La cession du contrat de franchise par le franchiseur

Une société spécialisée dans les expertises techniques dans l’habitat et la formation, la création d’arts graphiques et de sites Internet anime un réseau de franchise. Quelques années plus tard, alors que le réseau compte une dizaine de franchisés, ses co-gérants décident de séparer les activités de diagnostic, de formation et de développement de la franchise des autres activités.

Ils constituent en 2009 une nouvelle société qui bénéficie de la même enseigne que la première société et devient, en 2010, cessionnaire des contrats de franchise alors en cours. Un contentieux naît deux ans plus tard entre le franchiseur et un des premiers franchisés au motif du non-respect par ce dernier d’une obligation de non-concurrence.

En défense, le franchisé demande, à titre principal, l’annulation du contrat de franchise pour absence de cause et d’objet au motif que le nouveau franchiseur ne pouvait pas avoir cette qualité en raison de son inexpérience et de son absence de savoir-faire.
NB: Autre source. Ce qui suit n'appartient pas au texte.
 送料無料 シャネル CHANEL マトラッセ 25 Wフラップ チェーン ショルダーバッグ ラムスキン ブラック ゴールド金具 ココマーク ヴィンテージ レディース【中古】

A titre subsidiaire, il invoque l’inopposabilité de la cession du contrat de franchise eu égard à l’absence d’enregistrement de l’acte et de signification par application de l’article 1690 du Code civil (CA Montpellier, 5 septembre 2017, n°15/04903).

On peut penser que le contrat stipulait qu’il était cessible par le franchiseur. En effet, le franchisé n’argumente pas sur le caractère intuitu personae du contrat de franchise pour critiquer sa cession, alors que, la Cour de cassation ayant reconnu ce caractère au contrat de franchise (Cass. com., 3 juin 2008, n°06-18.007 et Cass. com., 3 juin 2008, n°06-13.761), il eut alors fallu l’accord du franchisé sur la cession (Cass. com., 6 mai 1997, n°94-16.335).
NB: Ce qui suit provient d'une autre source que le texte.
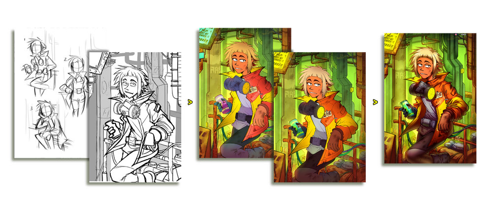 ILLUSTRATION PROCESS● I will start working on the drawings once full payment is received.● From the moment the commission is requested to the delivery of the final approved artwork, full body, half body, or bust pieces with background usually take me between 3 weeks and 1 month. Chibis, icons and full body, half body, or bust pieces without background usually take me around 2 weeks. It might take a bit more or less time depending on complexity and revisions (I usually work on several orders at once) If you want an update on your commission, just ask, and I'll send you a work-in-progress update.● The drawing process has 3 stages: Rough sketch, linework with base colors, and final full-color drawing.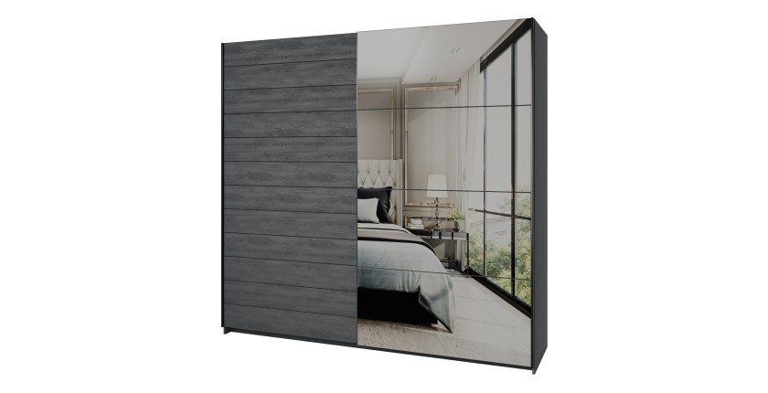 - CARACTÉRISTIQUES : Chevets composé de trois tiroirs. Lit design 160x200 avec tiroirs au bout du lit et niches sur les côtés du lits. Sommier inclus, Armoire avec 2 portes coulissantes dont une avec un grand miroir. Commode avec 2 portes et 4 tiroirs.

Pour apprécier tant la validité que l’opposabilité de la cession du contrat de franchise au franchisé, la cour d’appel de Montpellier a fondé sa décision sur des critères déjà éprouvés.

Ainsi, sur la validité de la cession, elle a recherché si le nouveau franchiseur avait effectivement l’expérience et le savoir-faire nécessaires pour poursuivre l’animation du réseau. Elle confirme la validité de la cession en relevant que le nouveau franchiseur exerçait son activité sous le nom commercial initial du réseau de franchise et ce réseau était animé par le dirigeant du premier franchiseur : en effet, il bénéficiait ainsi du savoir-faire et de l’expérience lui permettant d’acquérir valablement le réseau de franchise développé par le premier franchiseur.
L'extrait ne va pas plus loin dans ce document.